You and I, dear reader, pay for these additional costs in price increases in our local supermarkets and at the petrol pump. In addition, we pay higher prices for fuel that is imported over longer distances than necessary. Unless overriding considerations regarding the quality or grade of crude oil and refined fuels dictate otherwise, all of these commodities should be imported from west Africa.

It is shocking that we need to import refined products following the curious closure of or lengthy repairs to existing refineries. Eskom’s demand for diesel has accentuated the problem that has seen three tankers in Cape Town and another three awaiting berths.

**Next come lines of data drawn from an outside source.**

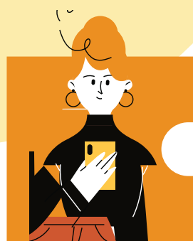
Emprendimiento en solitario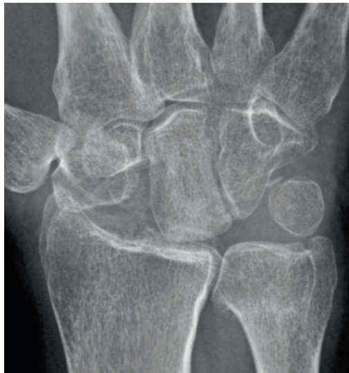
Pilt 3. Röntgeniülesvõte randmest pärast proksimaalsete randmeluude eemaldamist.

Võimalikud tüsistused nelja nurga artrodeesi korral on luude mitteühinemine ning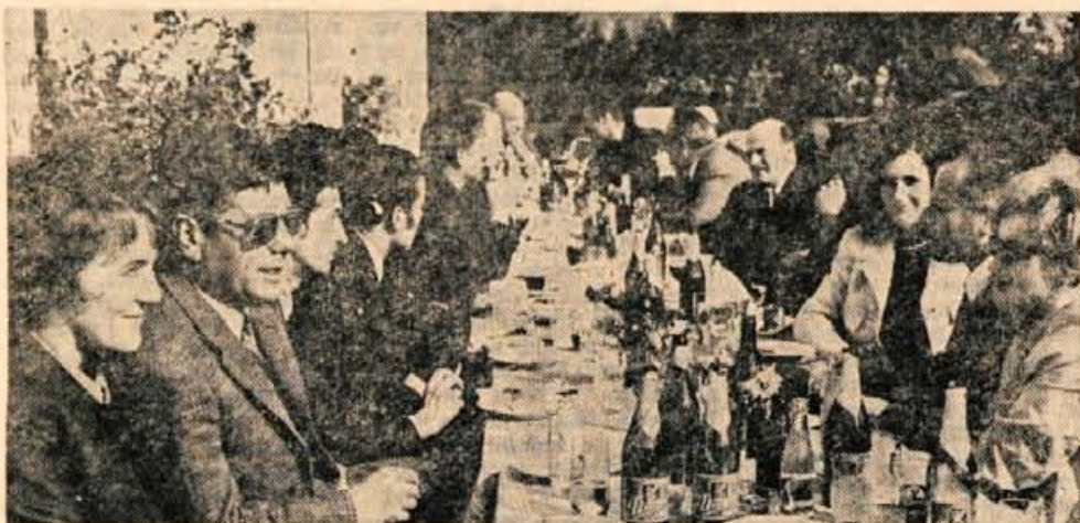
Ob Unionovem pivu in Alkovi alkoholnih ter brezalkoholnih pijačah je med povabljenici na degustaciji pred Porentovim domom kmalu zraslo razpoloženje.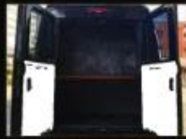
ゴルフバッグやスーツケースが 多く入る大型トランク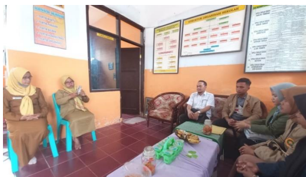
Gambar 3. Observasi Awal di SDN Karang Nangkah 1

Dalam mengatasi permasalahan yang telah dijelaskan, pelaksanaan program kampus mengajar angkatan 4 yang disasarkan di SDN Karang Nangkah 1 terdiri dari beberapa mahasiswa yang berlatar belakang berbeda seperti Universitas Pembangunan Nasional Veteran Jawa Timur, Universitas Madura, dan STKIP PGRI Bangkalan. Berdasarkan program kerja yang telah disusun

But why are these cargoes brought from the Arabian Gulf when – from west African refineries – Durban is four to eight days shorter voyage time for tankers?

The country urgently needs another working refinery. With its open land and existing deep water tanker terminal, Saldanha is the ideal place for that refinery.

Ironically, the Transnet strike and its associated impact on harbour operations coincide with a three-day international maritime conference that began in Durban yesterday. The official opening happens today, with umpteen delegates being welcomed by the visionless minister of transport. On his watch, the railway system finally collapsed, while his watch has yielded absolutely nothing for the maritime industry that is so vital to the country’s economy.

The conference will focus on four themes of international maritime interest, including the inevitable green topics and the blue economy. However, perhaps one day, we shall see a conference at which scientists and economists will highlight the real environmental and financial impact of the thousands of wind turbines that are being manufactured, transported over thousands of nautical miles from China and elsewhere to many destinations, installed and maintained, processes for which specialised ships need to be built or existing ships modified.

Perhaps a future conference programme will announce speakers who will provide the true financial costs and impact on employment of not prospecting for oil and gas off our coast, prohibited by that court ruling earlier this year. Forbidden from finding our own reserves of oil and gas, we shall continue to be exploited by OPEC and its associates who, as they recently demonstrated, hike the oil price at will.

And perhaps one day, we shall see a press release – we don’t need a conference for this one – that a cabotage system will be phased in for the shipment of all coastwise cargo, for the export of certain percentages of some minerals, and for oil imports.

And hopefully - dare I repeat it – another future press release may announce the construction of a large drydock in Cape Town.

Ingpen is a freelance journalist and the author of 10 maritime books.